It's easy to keep an eye out for the prime international targets, and the London daily rags are basically a flimsy paper Facebook of who to look out for in the market on weekends.

The market itself is a zoo. All the locals know to come on Fridays since tourists aren't told that it's open any day outside of Saturday. The antique books and prints and bric a brac have gouged a hole in my lunch money and I come back from my breaks with more skeleton keys and crane-shaped sewing scissors than egg-and-cress sandwiches.

As fun as weekends are, the security is also the toughest. We double our staff and the security guards are on high alert for the petty crooks and hustlers working on behalf of local gangs.
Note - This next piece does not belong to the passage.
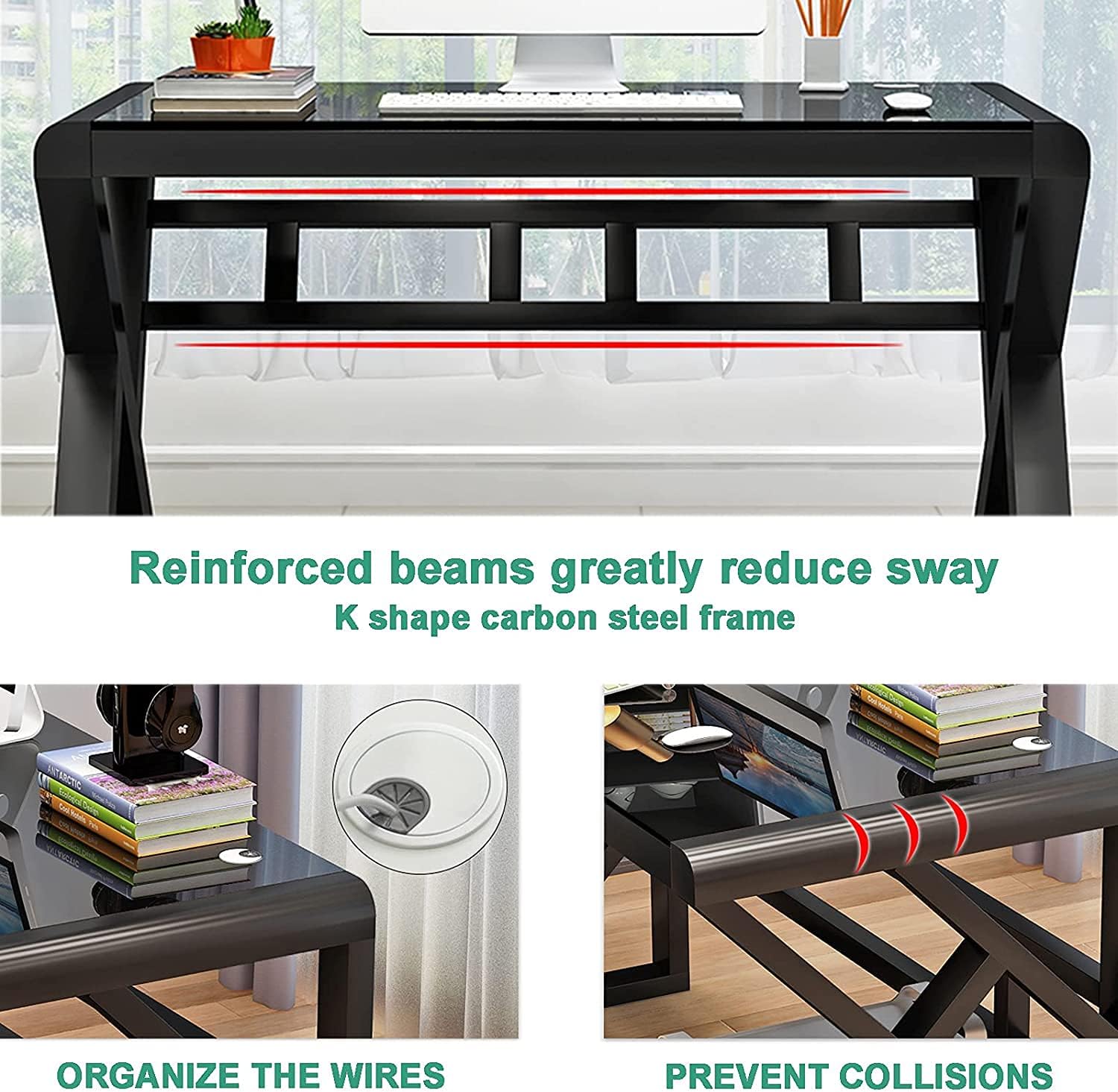 Versatile Office Desk: Features a built-in wire hole for a tidy workspace. Includes 4 non-slip gaskets to protect floors and 12 stickers for a secure glass-to-metal connection, ensuring stability on any surface
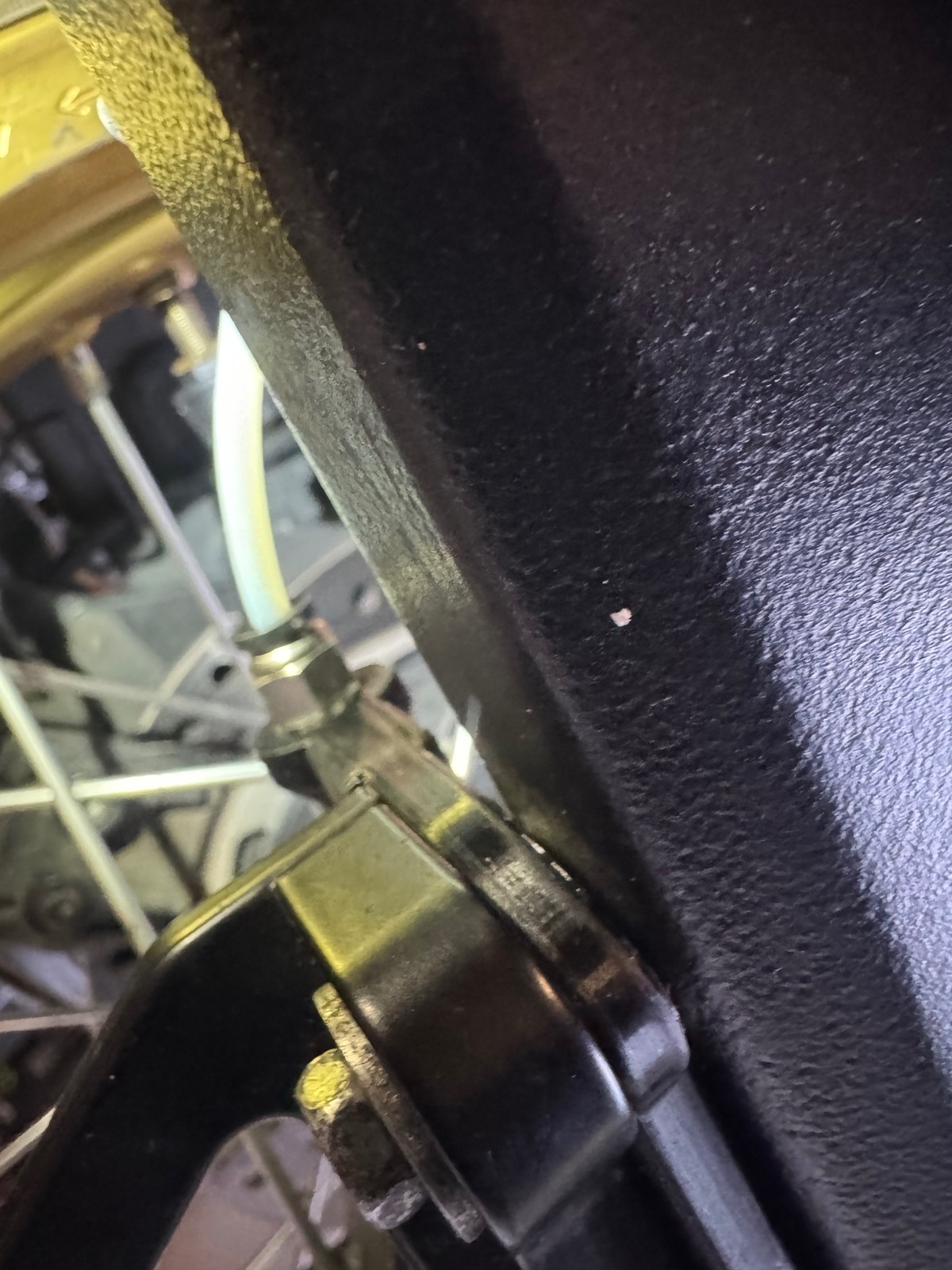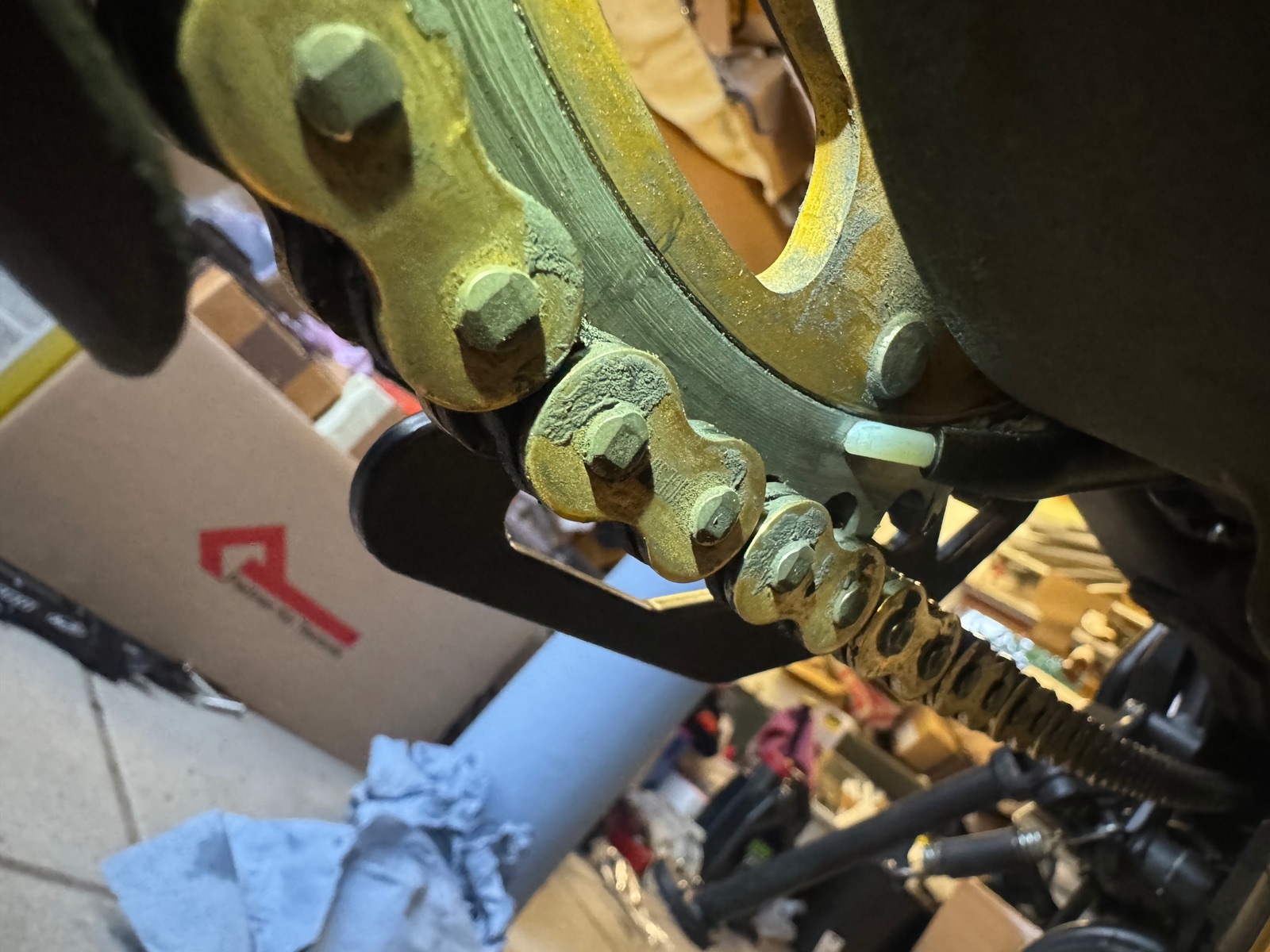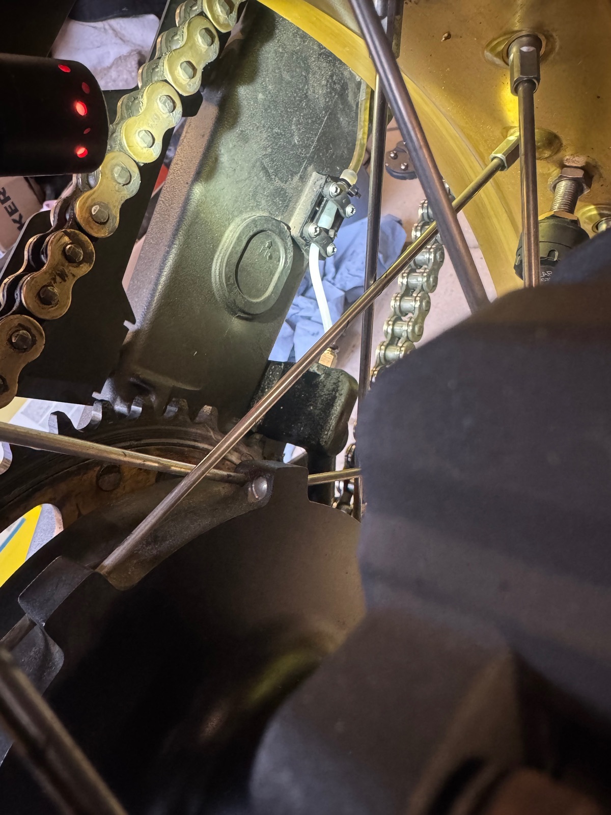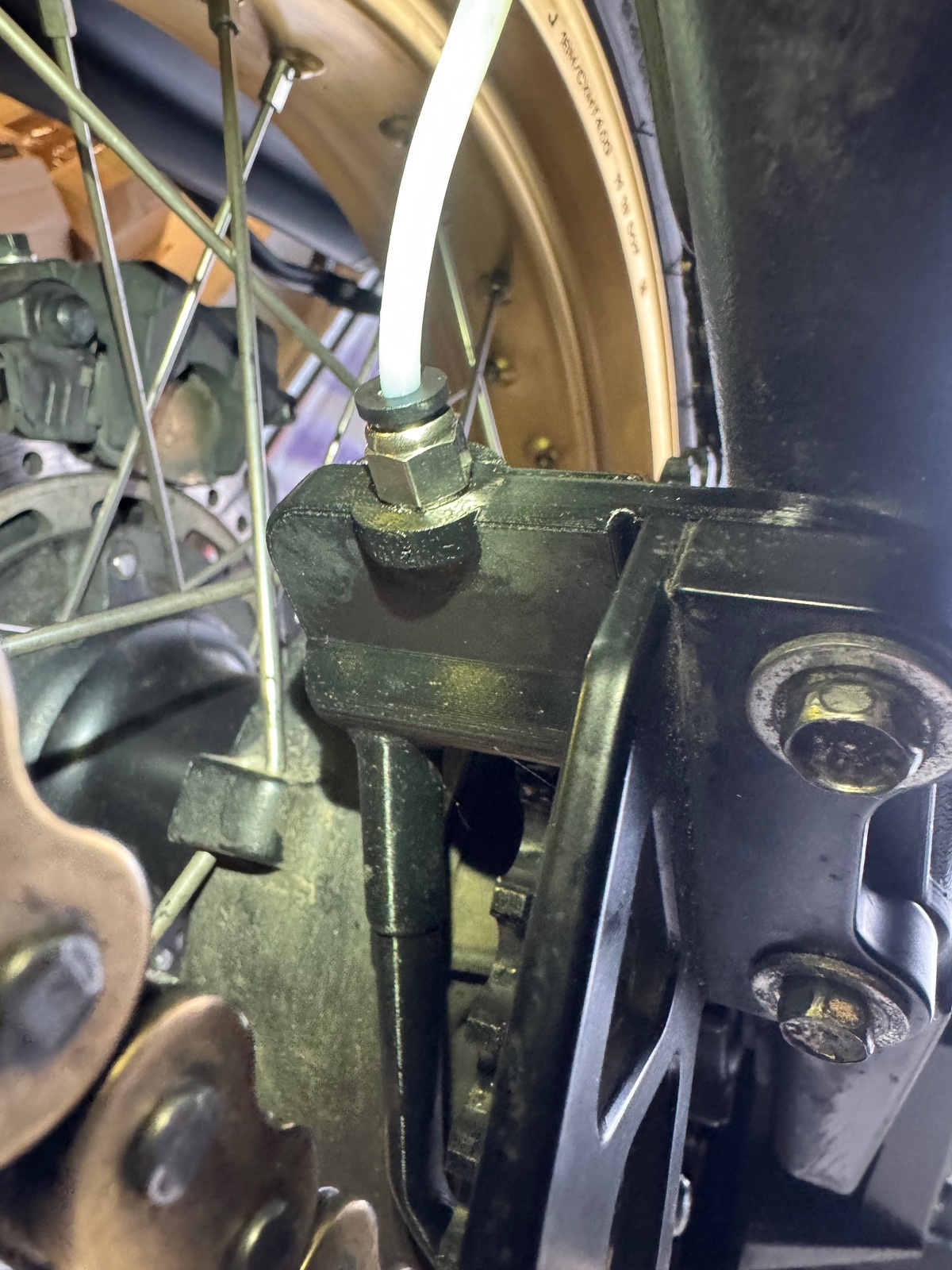 Kabelbinder ist weg. Schlauch läuft jetzt unter dem Kettengleiddingsda hinter die Schwinge.

The worst are the Spice Girls, a ring of 40+ immense black women in fluo spandex and fishnet monstrosities.

They come in pairs, usually with their kids in tow and a pram to stow their gear. They're exceedingly rough and ask obvious questions to distract the sales staff while the other stuffs racks full of clothing into the baby carriage. They favour all things shiny and metallic and use their children and their toothless mugs as deterrents to our protests.

The latest security guard, a tall, scrawny Nigerian who performs magic tricks during the lulls and chases children around the store, has had his pride wounded lately as stacks of clothing have gone missing while his back is turned. He's taken to hiding behind the racks near the side door so it looks like the store is empty, to lure the thieves in, wherein he will leap out from behind the clothes and nab them.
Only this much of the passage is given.